Your answer should hold only the lines from the one containing "美赞臣蓝臻 较大婴儿配方奶粉 2段(6-12月)820g*6罐 实证乳铁蛋白" through the last line below, copied exactly; pictures stay out.

[[ Available data, beginning ]]

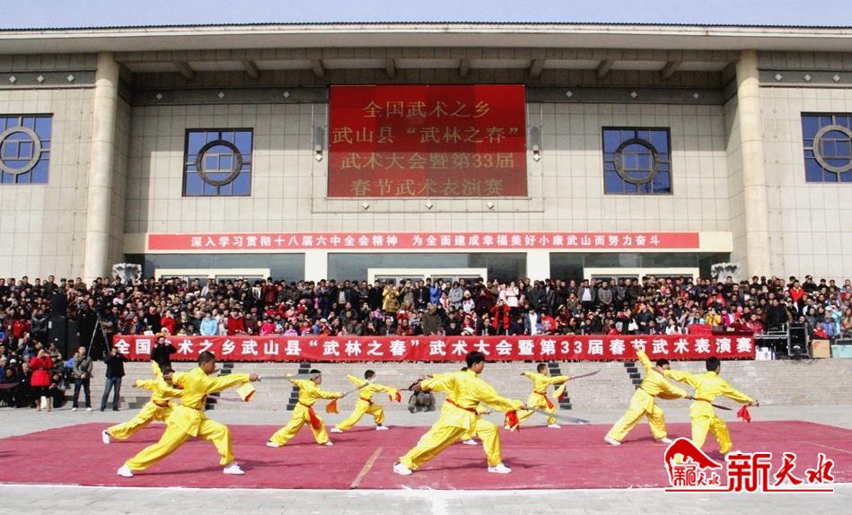 有武——武山是“全國(guó)武術(shù)之鄉(xiāng)”。全縣習(xí)武蔚然成風(fēng),有六合拳、八步轉(zhuǎn)等地方拳和國(guó)家套路、梅花槍、通備拳、硬氣功、太極拳等門類,常年習(xí)武人數(shù)達(dá)7萬(wàn)多人,每年正月舉辦全縣武林之春武術(shù)表演大會(huì)。
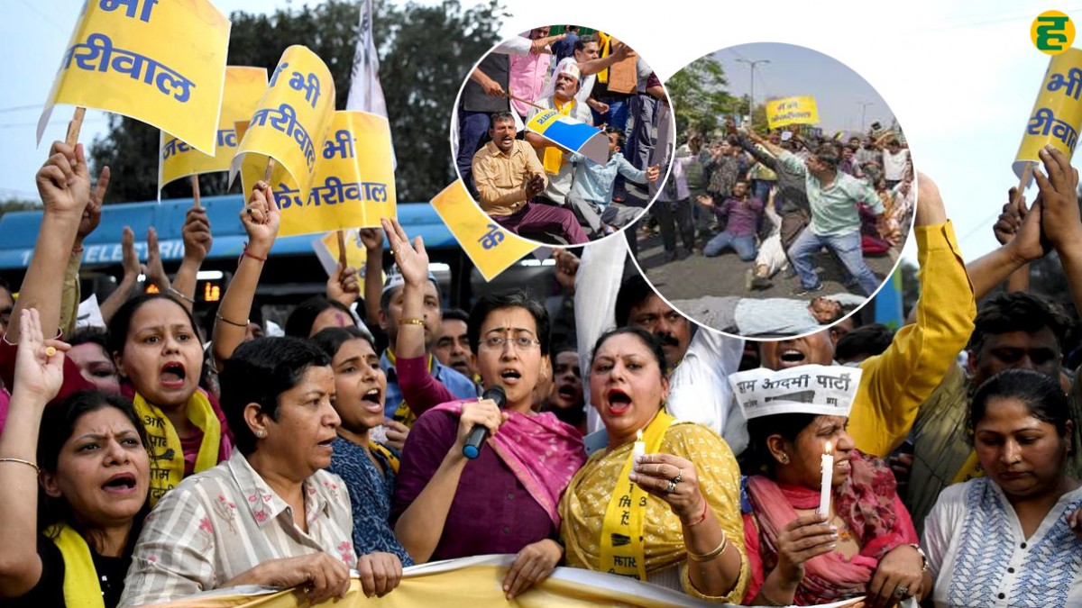 आप के कई प्रदर्शनकारियों को पुलिस ने हिरासत में लिया
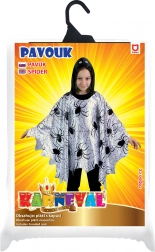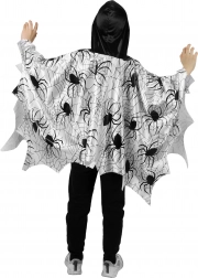 Op zoek naar een eenvoudig en opvallend kostuum voor kinderen? Deze lichte cape/poncho met zwarte print van spinnen en spinnenwebben op een witte basis valt meteen op. Dankzij de losse snit trek je hem gemakkelijk over het hoofd aan en biedt hij onbeperkte bewegingsvrijheid tijdens spel, dans en optochten.
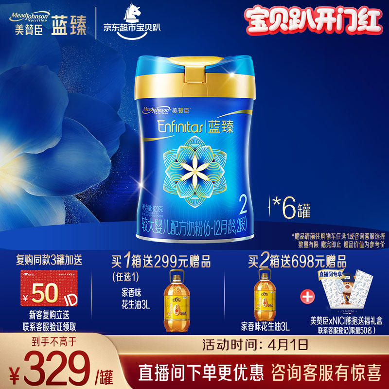美赞臣蓝臻 较大婴儿配方奶粉 2段(6-12月)820g*6罐 实证乳铁蛋白
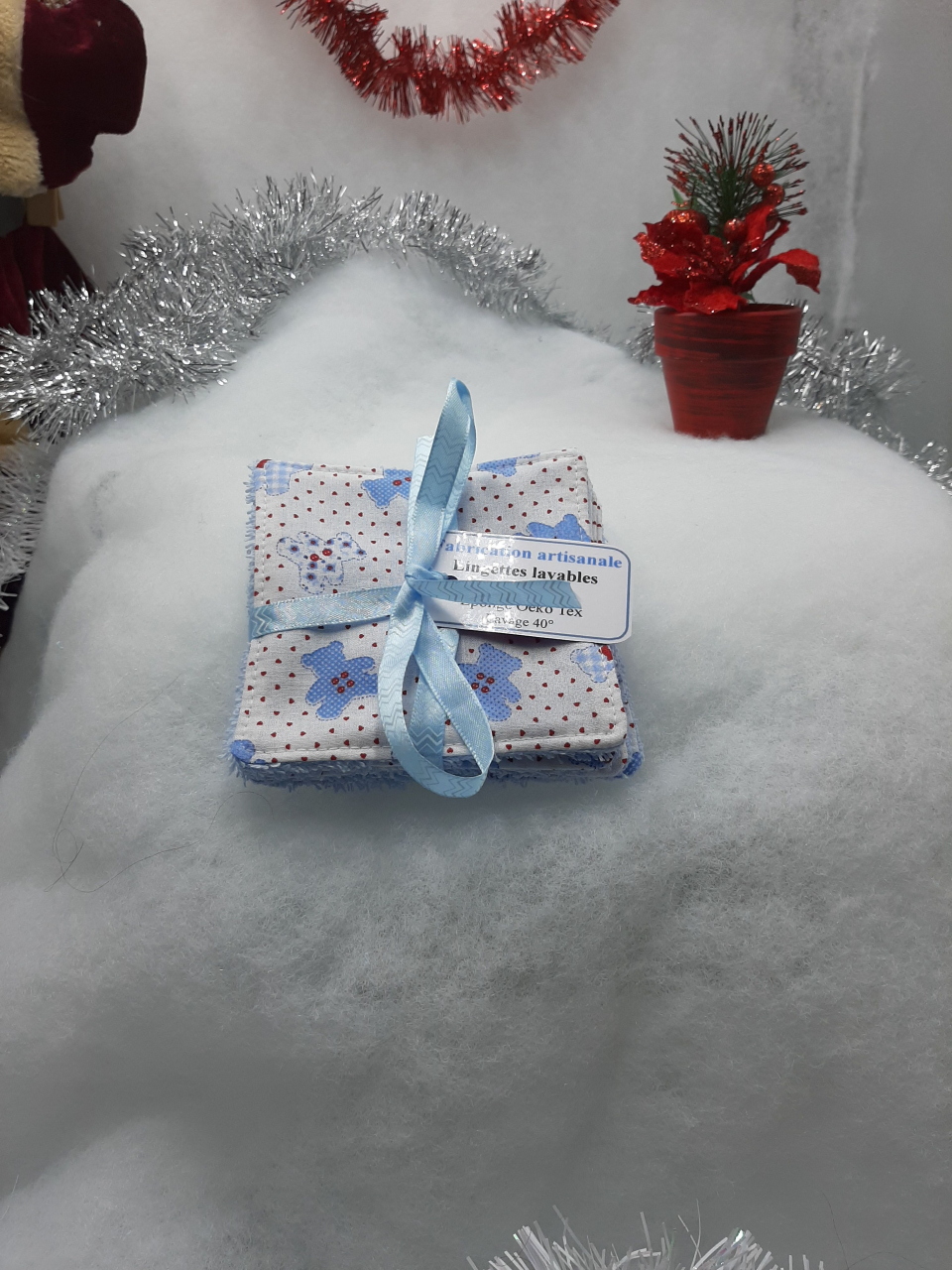 - un lot de 5 lingettes lavables en éponge de coton et coton imprimé.

[[ Available data, end ]]

Task solution —
美赞臣蓝臻 较大婴儿配方奶粉 2段(6-12月)820g*6罐 实证乳铁蛋白
 - un lot de 5 lingettes lavables en éponge de coton et coton imprimé.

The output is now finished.